Consequently, much attention has been paid to the idea of aging biomarkers, i.e., phenotypes that can be measured throughout the lifespan and that reflect the percent of lifespan that has elapsed. In the simplest case, if I’m aging half as fast at you, but we’re the same chronological age, then my reading for biomarker X should be 50% of yours. Useful biomarkers might include bone density, parameters of hair structure, aspects of blood count…essentially, anything quantifiable that correlates biological age with chronological age is fair game.

Spindler and Mote describe studies in which a biomarker approach is applied to the development of longevity drugs. The authors attempted to find compounds that result in gene expression changes that mimic the ones observed when animals are subjected to calorie restriction (CR):

Screening Candidate Longevity Therapeutics Using Gene-Expression Arrays

We review studies showing that CR acts rapidly, even in late adulthood, to extend health- and lifespan in mice. These rapid physiological effects are closely linked to patterns of gene expression in liver and heart. Non-human primate and human studies suggest that the signal transduction pathways responsible for the lifespan and health effects of caloric restriction (CR) may also be involved in human longevity. Thus, pharmaceuticals capable of mimicking the effects of CR (and other methods of lifespan extension) may have application to human health. Objective: We show that lifespan studies are an inefficient and theoretically problematic way of screening for longevity therapeutics. We review studies suggesting that rapid changes in patterns of gene expression can be used to identify pharmaceuticals capable of mimicking some positive effects of caloric restriction. Results: We present a traditional study of the effects of melatonin, melatonin and pregnenolone, aminoguanidine, aminoguanidine and alpha-lipoic acid, aminoguanidine, alpha-lipoic acid, pregnenolone, and coenzyme-Q10 on the lifespan of mice. No treatment extended lifespan. However, because the mice die mostly of cancer, only chemopreventives active against specific cancers can be identified by such studies. The studies were also time-consuming and expensive. We discuss high-density microarray studies of the effectiveness of glucoregulatory drugs and putative cancer chemopreventatives at reproducing the hepatic gene-expression profiles of long-term and short-term CR. We describe the identification of one compound, metformin, which reproduces a subset of the gene-expression and physiological effects of CR. Conclusion: Taken together, our results suggest that gene-expression biomarkers may be superior to lifespan studies for initial screening of candidate longevity therapeutics.
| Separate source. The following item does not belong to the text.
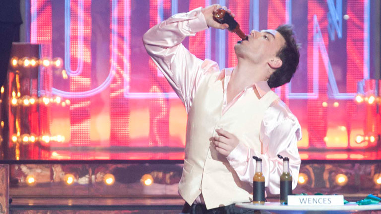 Wences nos canta "Ay, cosita linda" mientras cumple las disparatadas órdenes de la prueba "Sin previo aviso". Entre otras cosas, deberá cantar al...
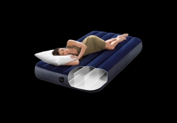 Praktyczna nadmuchiwana mata dla jednej osoby o wymiarach 191 × 99 × 25 cm marki INTEX jest idealna do użytku domowego i w podróży. Wytrzymałe PVC z aksamitnym welurem na powierzchni zapewnia przyjemny dotyk i lepszą przyczepność prześcieradła, a technologia Dura‑Beam Fiber gwarantuje stabilne podparcie i długą żywotność. W zestawie znajduje się łatka naprawcza.

Gene expression measurements are excellent biomarkers: they are both quantitative (“I am expressing three times as much of gene A at age 2 than I was at age 1”), and also robust — because one can measure all of the genes in the genome simultaneously, using microarrays or similar approaches, small perturbations in the levels of single transcripts don’t obscure the overall picture. This might not be the case for biomarkers that focus on single phenotypes like bone density, since individual genetic variation might mask the aging signal in the data.

One major advantage of using gene expression biomarkers to monitor the effect of candidate longevity drugs is that one doesn’t have to wait a human lifetime (or even a mouse lifetime) in order to observe clues that a drug have anti-aging activity. Granted, one would still have to eventually verify an effect on human lifespan (as well as safety) for the drug to be approved…unless, of course, the drug has already been approved for another purpose; the burden for off-label use of a previously vetted molecule is much lower than for a completely new one. (On a related note: the compound that Spindler and Mote found to match the gene expression biomarkers of CR most closely, metformin, is one of the most widely used anti-diabetic drugs currently in use.)